You would see this error in the status
/show
or Workflow show
output. For example:
$ vtctldclient MoveTables --target-keyspace customer --workflow commerce2customer status --format=json
{
"table_copy_state": {},
"shard_streams": {
"customer/0": {
"streams": [
{
"id": 1,
"tablet": {
"cell": "zone1",
"uid": 200
},
"source_shard": "commerce/0",
"position": "5d8e0b24-6873-11ee-9359-49d03ab2cdee:1-49",
"status": "Error: Unknown column 'notes' in 'field list' (errno 1054) (sqlstate 42S22) during query: insert into customer(customer_id,email,notes) values (100,'test@tester.com','Lots of notes')",
"info": "VStream Lag: 0s; ; Tx time: Wed Oct 11 16:49:02 2023."
}
]
}
},
"traffic_state": "Reads Not Switched.
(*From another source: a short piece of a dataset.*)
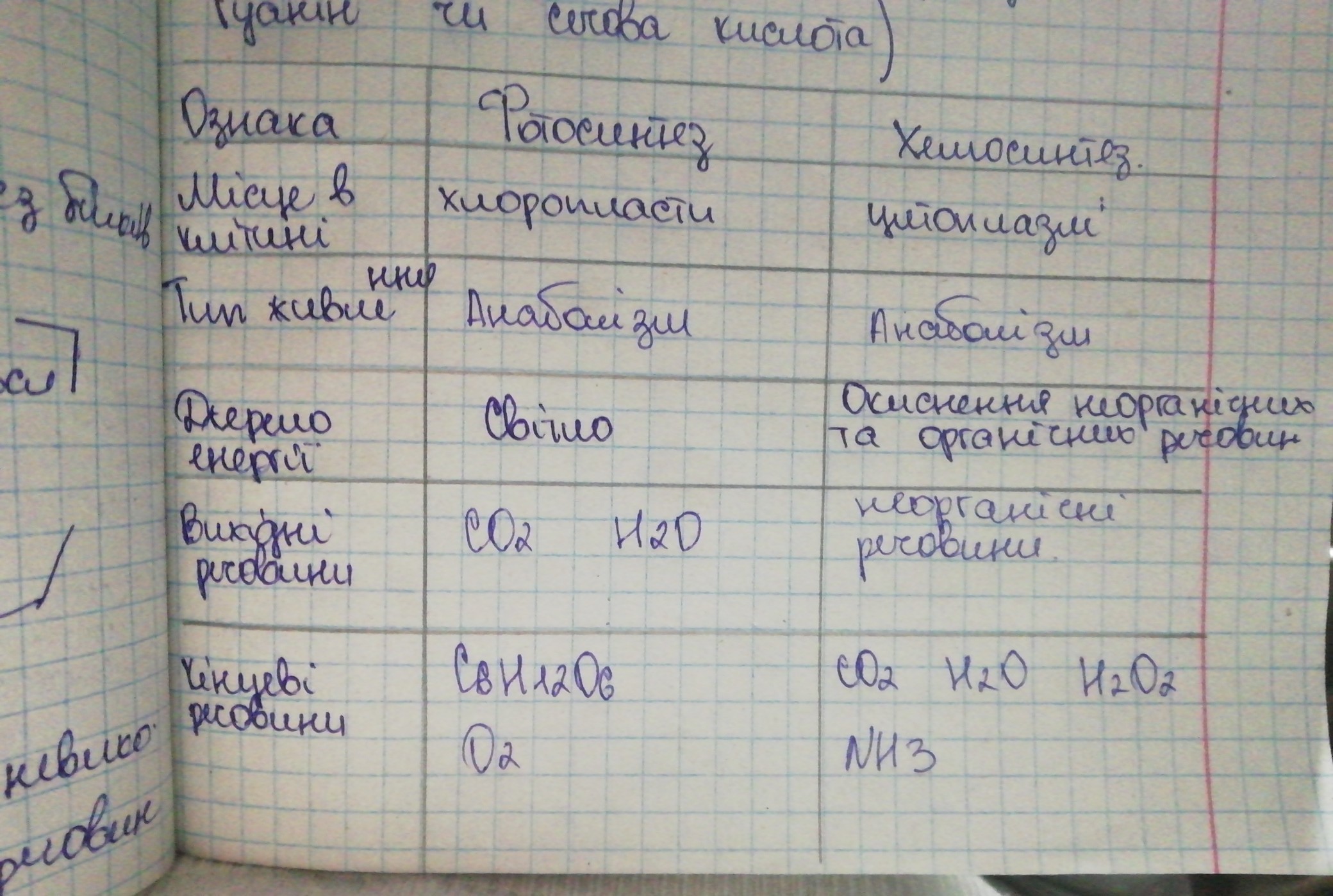 скинуть таблицу сравнения хемо и фотосинтеза?

Writes Not Switched"
}
This can be caused by a DDL executed on the source table as by default — controlled by the
on-ddl
flag value — DDL is ignored in the stream.
Corrective Action #
If you want the same or similar DDL to be applied on the target then you can apply that DDL on the target keyspace and then restart the workflow. For example, using the example above:
vtctldclient ApplySchema --ddl-strategy=direct --sql="alter table customer add notes varchar(100) not null" customer
vtctldclient Workflow customer.commerce2customer start
If the tables are not very large or the workflow has not made much progress, you can alternatively Cancel
the current
worfklow and Create
another. For example:
$ vtctldclient MoveTables --target-keyspace customer --workflow commerce2customer cancel
Successfully cancelled the commerce2customer workflow in the customer keyspace
$ vtctldclient MoveTables --target-keyspace customer --workflow commerce2customer create --source-keyspace commerce --tables 'customer,corder'
The following vreplication streams exist for workflow customer.commerce2customer:
id=2 on customer/zone1-200: Status: Running. VStream has not started.
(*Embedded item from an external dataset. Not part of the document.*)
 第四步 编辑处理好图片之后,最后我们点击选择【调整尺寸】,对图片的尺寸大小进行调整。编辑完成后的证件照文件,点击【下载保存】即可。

$ vtctldclient MoveTables --target-keyspace customer --workflow commerce2customer status --format=json
{
"table_copy_state": {},
"shard_streams": {
"customer/0": {
"streams": [
{
"id": 2,
"tablet": {
"cell": "zone1",
"uid": 200
},
"source_shard": "commerce/0",
"position": "5d8e0b24-6873-11ee-9359-49d03ab2cdee:1-51",
"status": "Running",
"info": "VStream Lag: 0s"
}
]
}
},
"traffic_state": "Reads Not Switched. Writes Not Switched"
}
Switching Traffic Fails #
You can encounter a variety of failures during the SwitchTraffic
/ReverseTraffic
step as a number of operations are performed. To
demonstrate that we can look at an example dry run output:
$ vtctldclient MoveTables --target-keyspace customer --workflow commerce2customer SwitchTraffic --dry-run
SwitchTraffic dry run results for workflow customer.commerce2customer at 11 Oct 23 21:23 UTC
Lock keyspace commerce
Switch reads for tables [corder,customer] to keyspace customer for tablet types [PRIMARY,REPLICA,RDONLY]
Routing rules for tables [corder,customer] will be updated
Unlock keyspace commerce
Lock keyspace commerce
Lock keyspace customer
Stop writes on keyspace commerce for tables [corder,customer]: [keyspace:commerce;shard:0;position:MySQL56/5d8e0b24-6873-11ee-9359-49d03ab2cdee:1-51]
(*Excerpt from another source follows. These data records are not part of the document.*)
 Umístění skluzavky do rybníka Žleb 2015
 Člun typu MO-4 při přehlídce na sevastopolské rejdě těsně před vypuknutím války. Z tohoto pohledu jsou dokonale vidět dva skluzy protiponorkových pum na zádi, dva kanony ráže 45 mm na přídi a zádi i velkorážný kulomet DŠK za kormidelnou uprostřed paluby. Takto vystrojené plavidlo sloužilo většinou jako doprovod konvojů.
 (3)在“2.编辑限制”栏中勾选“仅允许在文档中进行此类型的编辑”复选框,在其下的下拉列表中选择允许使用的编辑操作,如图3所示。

Wait for vreplication on stopped streams to catchup for up to 30s
Create reverse vreplication workflow commerce2customer_reverse
Create journal entries on source databases
Enable writes on keyspace customer for tables [corder,customer]
Switch routing from keyspace commerce to keyspace customer
Routing rules for tables [corder,customer] will be updated
Switch writes completed, freeze and delete vreplication streams on: [tablet:200]
Start reverse vreplication streams on: [tablet:101]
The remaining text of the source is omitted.